Fears that the US government would take control of Citi were alleviated on Friday as the bank announced that the government will exchange only part of its preferred shares into common equity. At the same time, several other holders of Citi preferred shares will also convert into common shares, thus limiting the government's stake at 36%.
The deal will significantly increase Citi's tangible common equity level -- a measure that has recently caused a lot of concern in the market -- and will do so without any further investment by the government. While this may come as a relief to US taxpayers, who have already injected $45 billion worth of capital into Citi on two separate occasions in the fourth quarter of last year through the government's Troubled Asset Relief Programme (Tarp), a source close to Citi notes that despite owning more than one-third of the bank, the US government will not get any seats on the Citi board. Consequently it will not have the same level of formal control normally associated with an ownership of this size -- a shrewd move, perhaps, to leave the responsibility for getting the bank into shape to other parties.
But while the announcement stopped well short of a full nationalisation of the bank, it failed to halt the recent sell-off of Citi shares with commentators arguing that there is no guarantee that the government won't exchange its remaining preferred shares at a later date. To be sure, it doesn't take too vivid an imagination to believe that there could be more problems ahead for the world's major financial institutions -- in which case additional measures may be needed. Indeed, Citi on Friday announced a pre-tax goodwill impairment charge of $9.6 billion ($8.7 billion after tax) and a $374 million impairment charge ($242 million after tax) related to Nikko Asset Management in Japan for the fourth quarter last year, adding to an already announced quarterly net loss of $8.29 billion.

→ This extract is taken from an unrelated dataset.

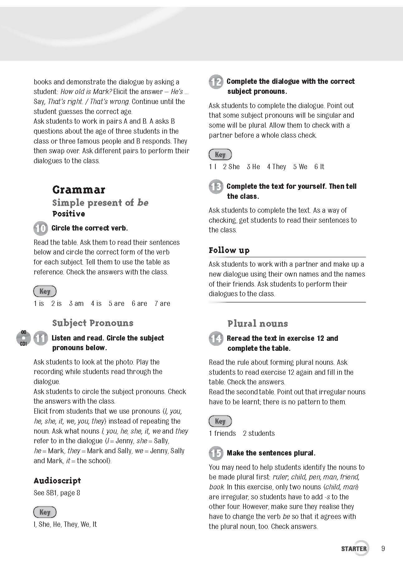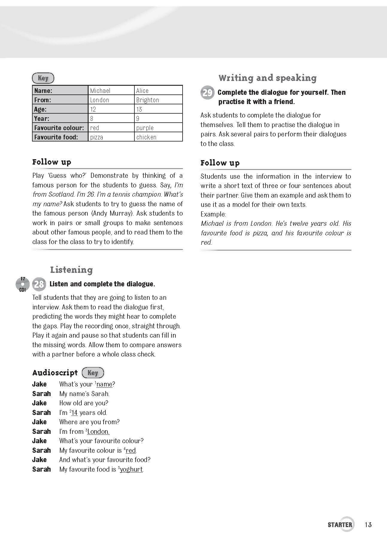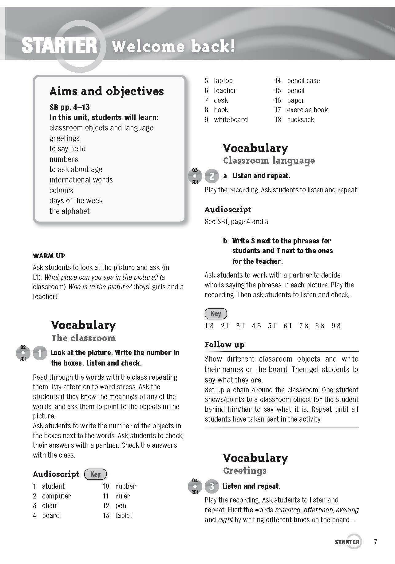The Teacher's Book contains teaching suggestions and detailed guidance on how to get the best out of the course. It also includes the audio scripts and the answer keys for both the Student's Book and Workbook.

Investors also reacted negatively to the equity dilution for Citi's existing shareholders, which may be as much as 75% if all holders of preferred shares agree to accept the exchange offer. By the end of Friday's trading session, Citi's share price had slumped another 39% to $1.50 -- a 97% decline from its adjusted high of $51.01 in 2006.

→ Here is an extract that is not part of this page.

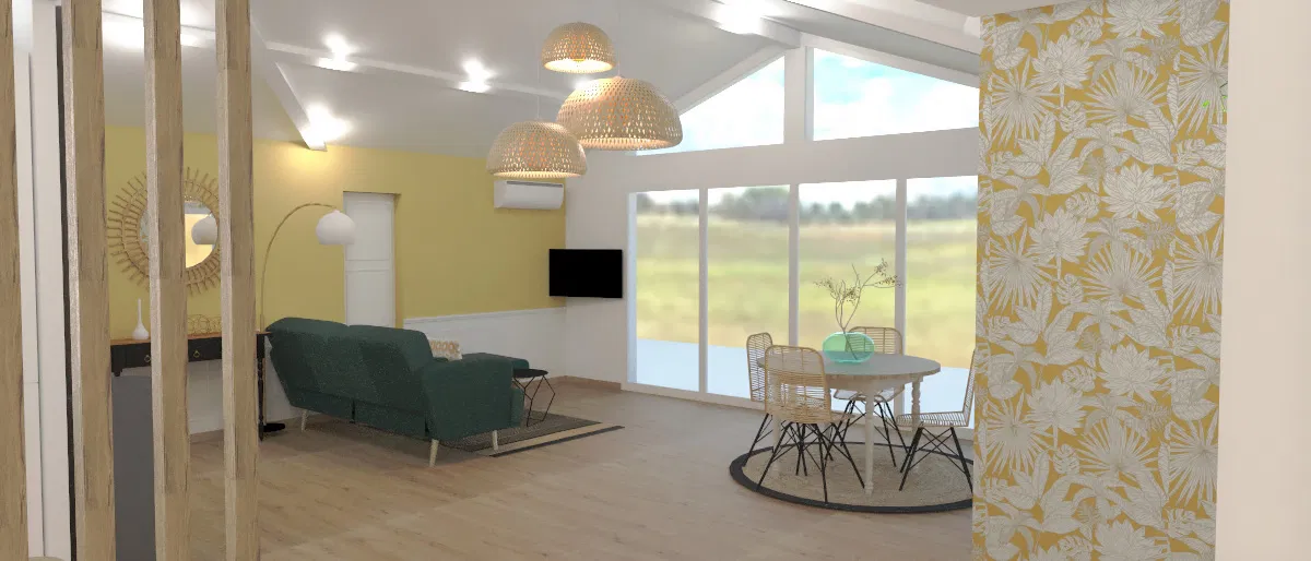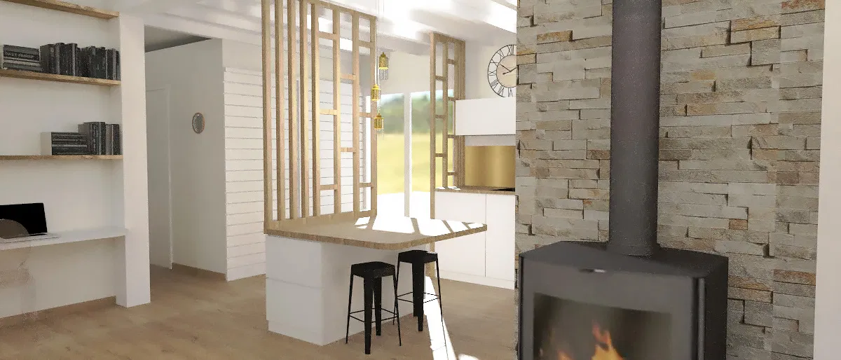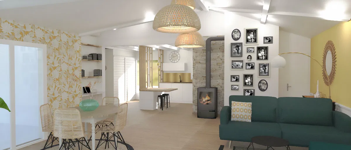 aménagement et décoration intérieure de l'espace cuisine, salon, et salle à manger
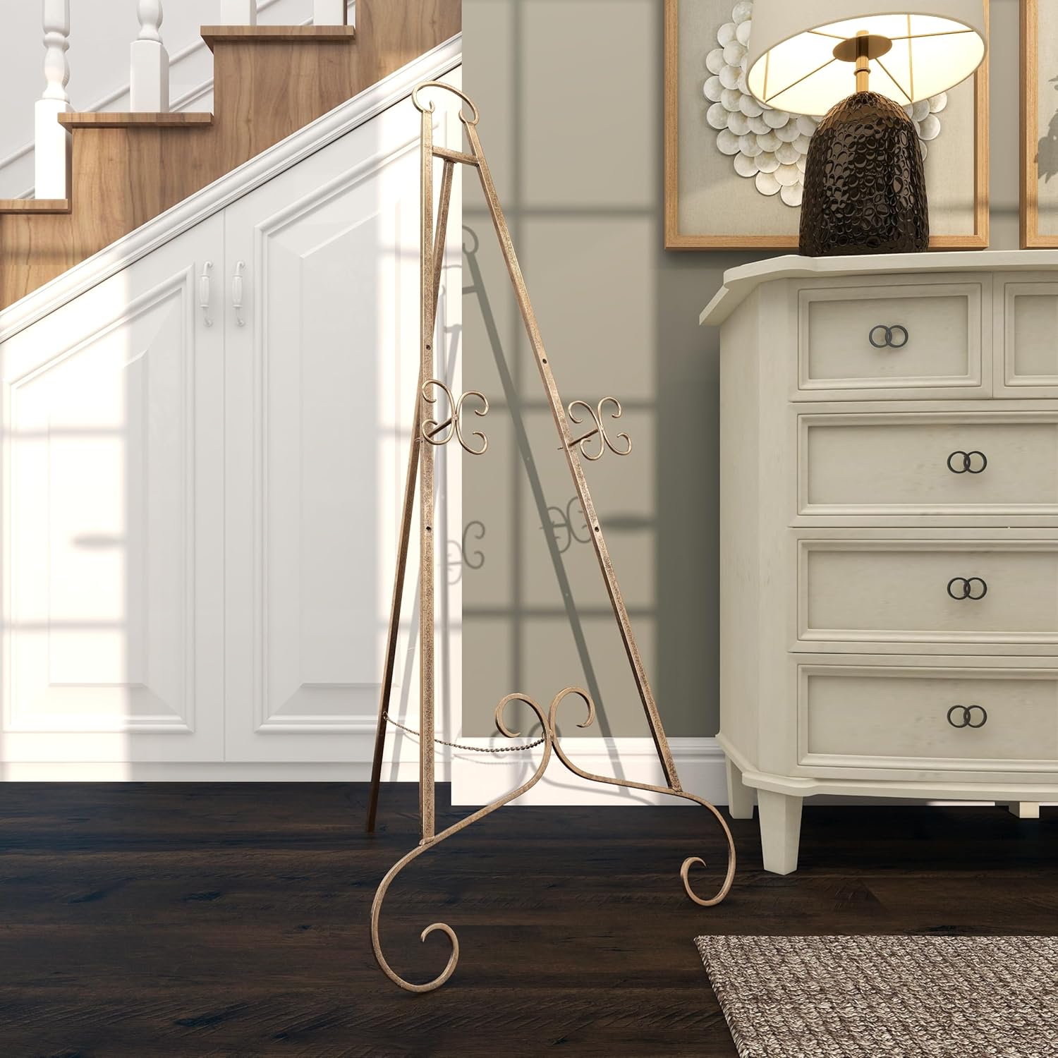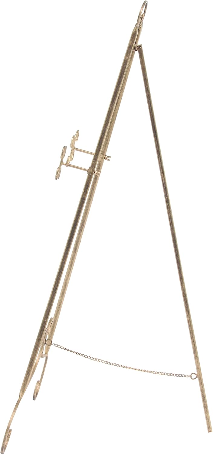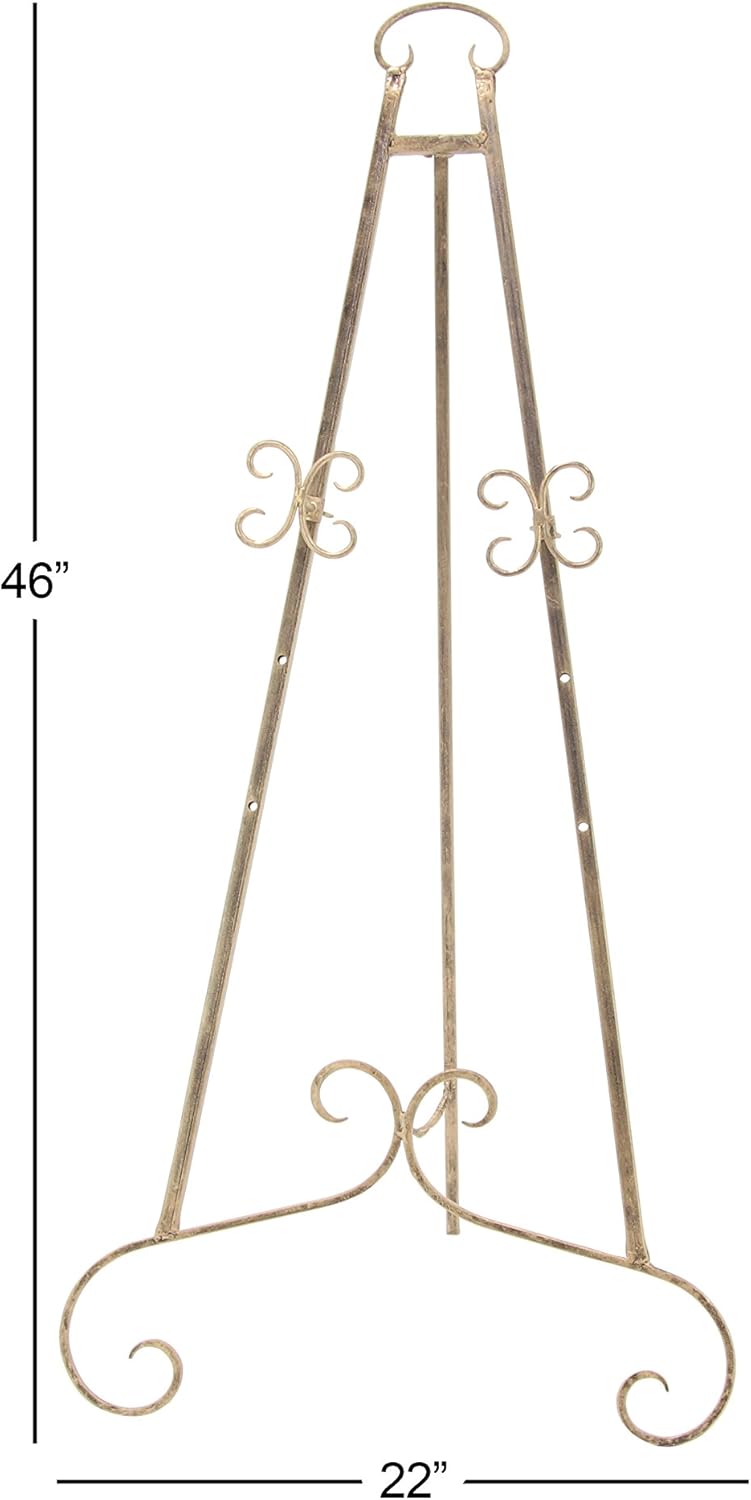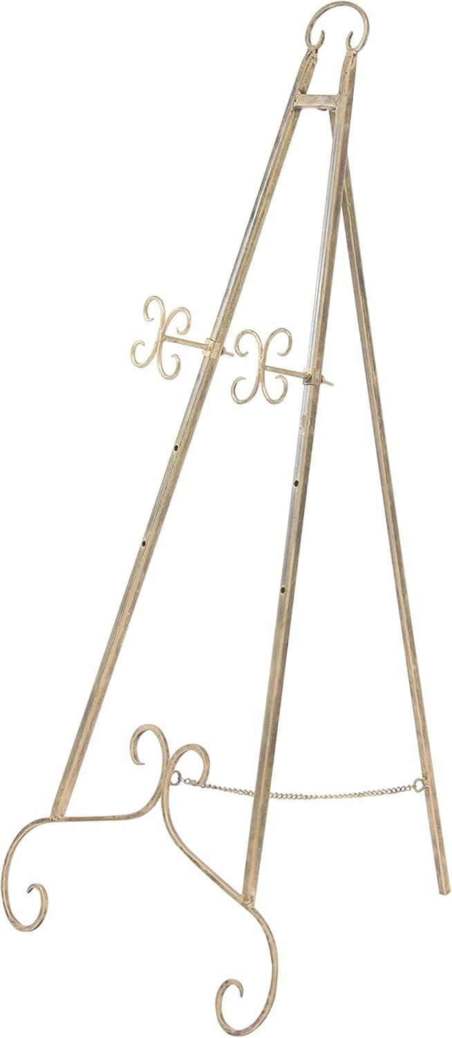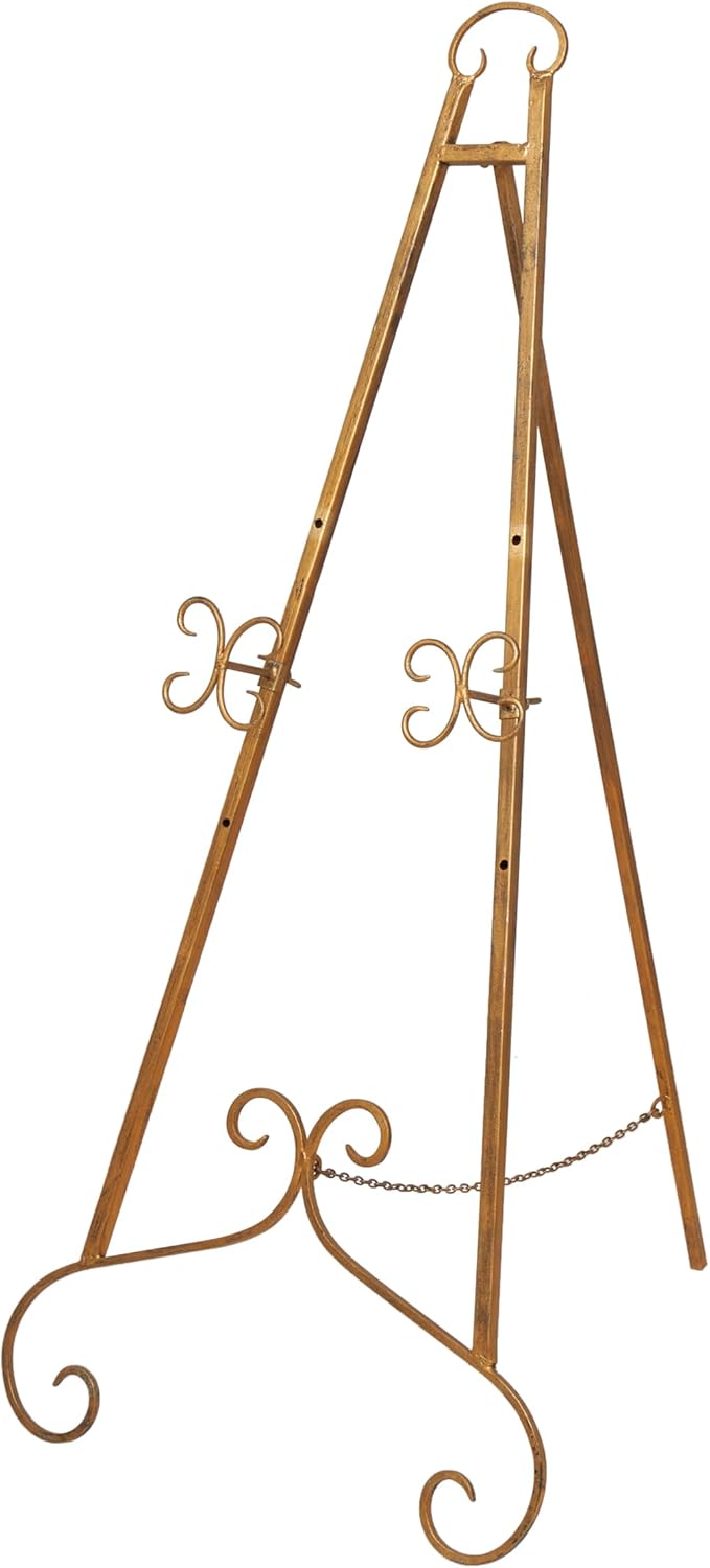 Introducing the Deco 79 Metal Scroll Large Free Standing Adjustable Display Stand Easel with Chain Support in elegant gold finish! This exquisite display stand is designed to elevate your art pieces, picture frames, or decorative plates with sophistication and style.

The selling pressure affected other banks too, as the deal added to concerns that other US banks may also opt to exchange their preferred shares for common equity.
Analysts at Goldman Sachs said the Citi announcement highlights the cost of government ownership through forced dilution; sale of core assets in order to generate more loss-absorbing capital; directed lending; dividend restrictions, etcetera.
"Government owned banks trade at a 50% discount in the UK, India and Brazil and we expect a similar theme in the US," the analysts, led by Richard Ramsden, said in a note published Friday. "We would avoid the shares as it is unclear whether this is the last round of capital restructuring, which means that existing equity may be further diluted in the future."
Citi said the government will exchange $25 billion of its $52 billion of preferred shares in the bank ($7 billion of which was received as a fee for guaranteeing up to $306 billion of real estate assets) to common equity at a price of $3.25 per share. The bank is also offering to exchange $27.5 billion of existing preferred securities and trust preferred securities held by other parties at the same price. The Government of Singapore Investment Corp (GIC), HRH Prince Alwaleed Bin Talal, Capital Research Global Investors, Capital World Investors and other investors have already said they will participate in the exchange.
While the $3.25 price at which the investors can exchange the preferred shares into common shares isn't exactly a bargain -- it represents a premium of 32% versus the close on Thursday and more than double the closing price on Friday after the exchange announcement -- the exchange offer is basically structured to make it even more unfavourable to keep the preferred shares. Other holders are therefore expected to follow suit.
Notably, Citi said it will suspend dividends on its preferred shares, removing one of the key attractions of holding these instruments. The bank will, however, make an exception for the government, which will continue to receive an 8% annual income on its remaining preferred shares by exchanging them into new trust preferred securities that will carry an annual coupon of 8%. Citi will also suspend dividends on its common shares, although this will have only a minor impact since the bank had already agreed to limit its quarterly dividends at no more than a penny per share for the next three years -- unless the government approves an increase.
If all non-government holders of preferred shares agree to exchange their holdings into common equity, they will end up with a combined 38% stake in the company. The government will hold 36%, while the existing shareholders will own 26%. (The earnings-per-share dilution will be less than the 74% implied by the new ownership structure because of the elimination of preferred dividend payments with analysts at Goldman Sachs estimating that normalised earnings power will fall by about 50%.)
A full conversion of the preferred shares will boost Citi's tangible common equity (TCE) to about $81 billion from $29.7 billion in the fourth quarter 2008, while analysts estimate that its tangible book value per share will decline by up to 30% to $3.75-$3.85 from $5.30-$5.40. The tier-1 capital ratio, which stood at 11.9% as of the end of December, will not be affected.
Since the issuance of new shares to complete the exchange requires the approval of existing shareholders, the preferred shares will first be exchanged into interim securities with warrants, which will convert into common shares once such an approval has been obtained. If the share issue isn't approved, then the holders can use the warrants to buy common Citi shares at $0.01 apiece. In the meantime, the interim securities will pay a 9% dividend that will increase quarterly up to a maximum of 19%.